Cevap :
Bu edebî topluluk, Recaizade Mahmut Ekrem'in yönlendirmesiyle bir grup genç sanatçının Servet-i Fünun dergisi etrafında toplanmasıyla oluşur. Bu sanatçılar, Tevfik Fikret, Cenap Sahabettin, Mehmet Rauf, Hüseyin Cahit, Celal Sahir, Ahmet Hikmet, Ali Ekrem ve Hüseyin Suat'tır. Servet-i Fünun topluluğuna daha sonra Halit Ziya Uşaklıgil de katılmıştır. Servet-i Fünun Edebiyatı, "Edebiyat-ı Cedide" olarak da bilinir. Servet-i Fünuncuların iyi bir eğitim almaları, Batı anlayış ve kültürünün hakim olduğu okullarda okudukları sırada Batılı sanatçıları yakından öğrenmeleri ve hemen hemen hepsinin orta tabaka ailelerden gelmeleri, onlarda ortak bir sanat zevkinin doğmasını sağlamıştır. Fakat aynı sanat zevkine sahip olmalarına rağmen bu zevki eserlerine yansıtış biçimlerinin farklı olduğu unutulmamalıdır. Bu edebiyatta Tanzimat'ta olduğu gibi siyasi bir yön ve aksiyon yoktur. Batı'ya aşırı düşkünlük vardır. Bu da Servet-i Fünuncuların en çok eleştirilen özelliklerindendir. Memleket meseleleri ve Anadolu insanının yaşayışı, bazı küçük denemeler dışında bu edebiyatta mevcut değildir. Yaşadıkları siyasi devir onların, gerçeklerden kaçmalarına, halkın sorunlarıyla ilgilenmemelerine sebep olmuştur.
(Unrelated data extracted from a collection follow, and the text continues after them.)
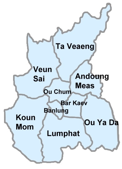 Map of Ratanakiri Province with districts outlined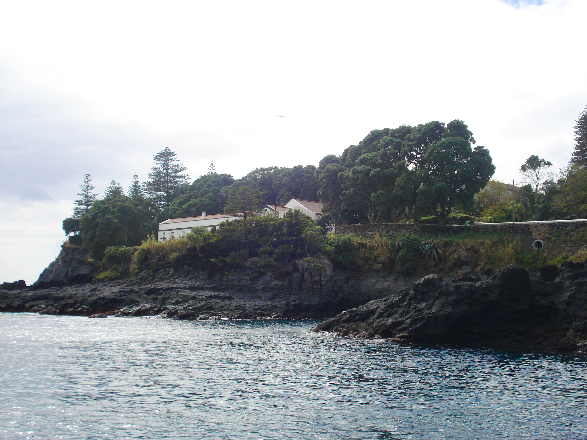 The old buildings of the Convent of Caloura, along the seaside, civil parish of Água de Pau, municipality of Lagoa (Azores), Portugal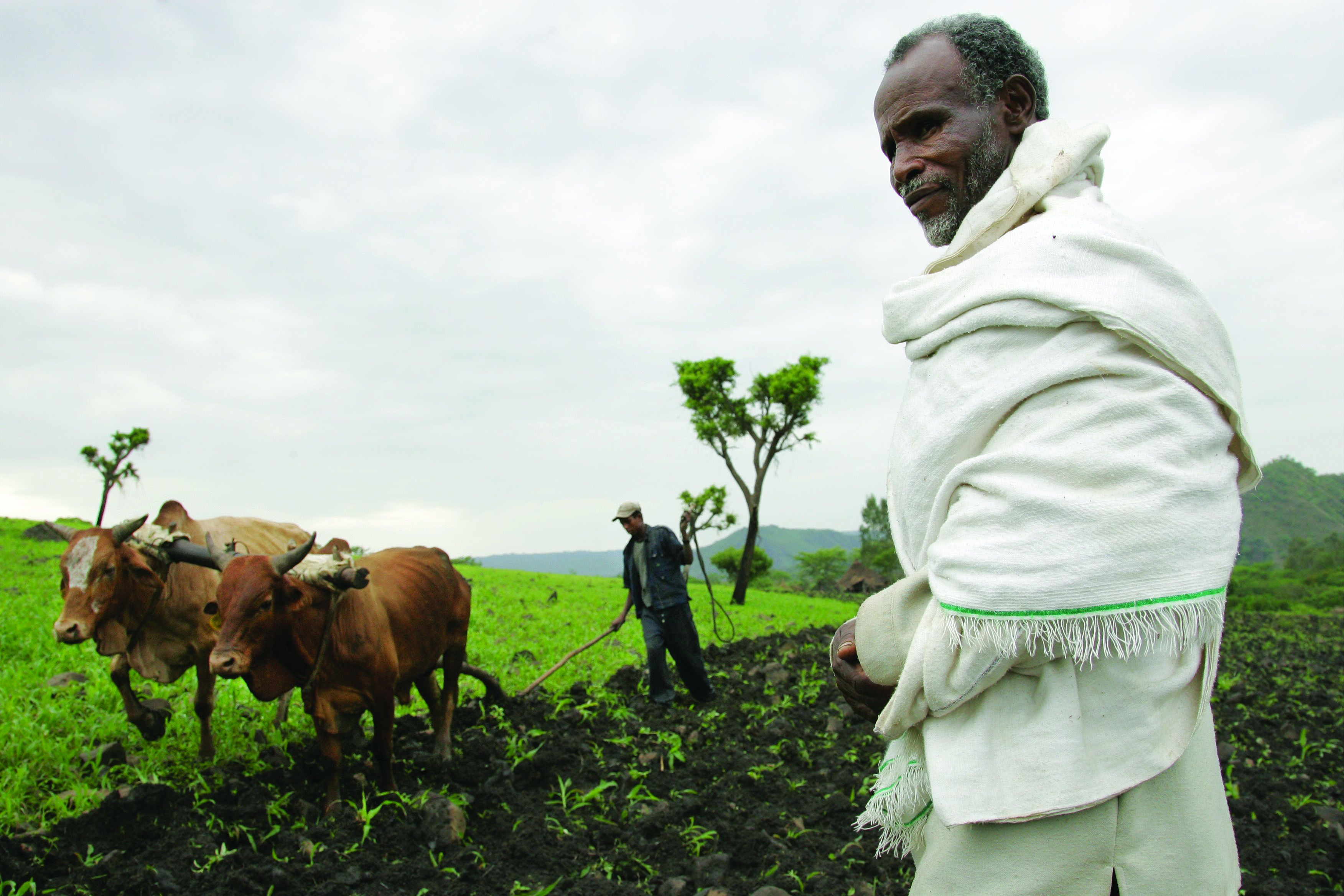 In Ethiopia's Ghibe valley, ILRI (International Livestock Research Institute)-led Tsetse Fly control methods have allowed cattle to flourish in an area previously almost uninhabitable for them. This has encouragd more farming in the area, relieving to a degree population and soil erosion pressures in higher, Tsetse free, elevations. Such is the impact this has had on the livelihood of farmer Worku Mengiste that he is now able to employ two casual labourers to do work he previously did himself. Here he watches on as they plough his field. ILRI 2010 Calendar, caption Creating new options for cultivating lands. More oxen for ploughing means less labour for farmers.

Servet-i Fünun Edebiyatı 1895 yılında başladı. Bu yılın sonlarında Recaizade'nin teşvik ve aracılığıyla, Servet-i Fünun dergisinin başyazarlığı, onun en kıymetli talebesi Tevfik Fikret'e verildi. Bu sanat çizgisine dahil olup başka dergilerde (Mektep, Maarif, Hazine-i Fünûn, Mirsat ve Malumat) yazan birçok şair ve yazar Serveti Fünun'da toplandı ve hep birden Servet-i Fünun edebiyatı denilen bir edebi çığırı açtılar. Servet-i Fünun Edebiyatı, aslında bir eski - yeni çatışmasının ürünüdür. Tanzimat Edebiyatı'nın klasik edebiyatı savunan sanatçılarıyla yeniliği savunan sanatçıların arasındaki tartışmalar, bu edebiyatın oluşmasına zemin hazırlamıştır. Ayrıca Batı kültürüyle yetişmiş genç sanatçıların, Tanzimat sanatçılarının edebiyatta yaptıkları yenilikleri yeterli görmemeleri de Servet-i Fünun Edebiyatı'nın oluşmasında bir başka etkendir. Servet-i Fünun sanatçıları, II. Abdülhamit döneminin siyasi şartlarından dolayı toplumsal konulara değinmemişler, bireysel konuları tercih etmişlerdir. Bu yüzden Servet-i Fünun döneminde eserler, "sanat için sanat" ilkesiyle ortaya konmuştur. 1901'de Hüseyin Cahit Yalçın'ın Fransız İhtilalini konu alan "Edebiyat ve Hukuk" adlı çevirisinin, Servet-i Fünun dergisinde yayınlanmasıyla dergi kapatılmıştır. Derginin kapatılmasıyla birlikte Servet-i Fünuncular dağılmıştır. Bu dergi bir ay sonra tekrar çıktıysa da dağılan grup bir daha toplanamamıştır.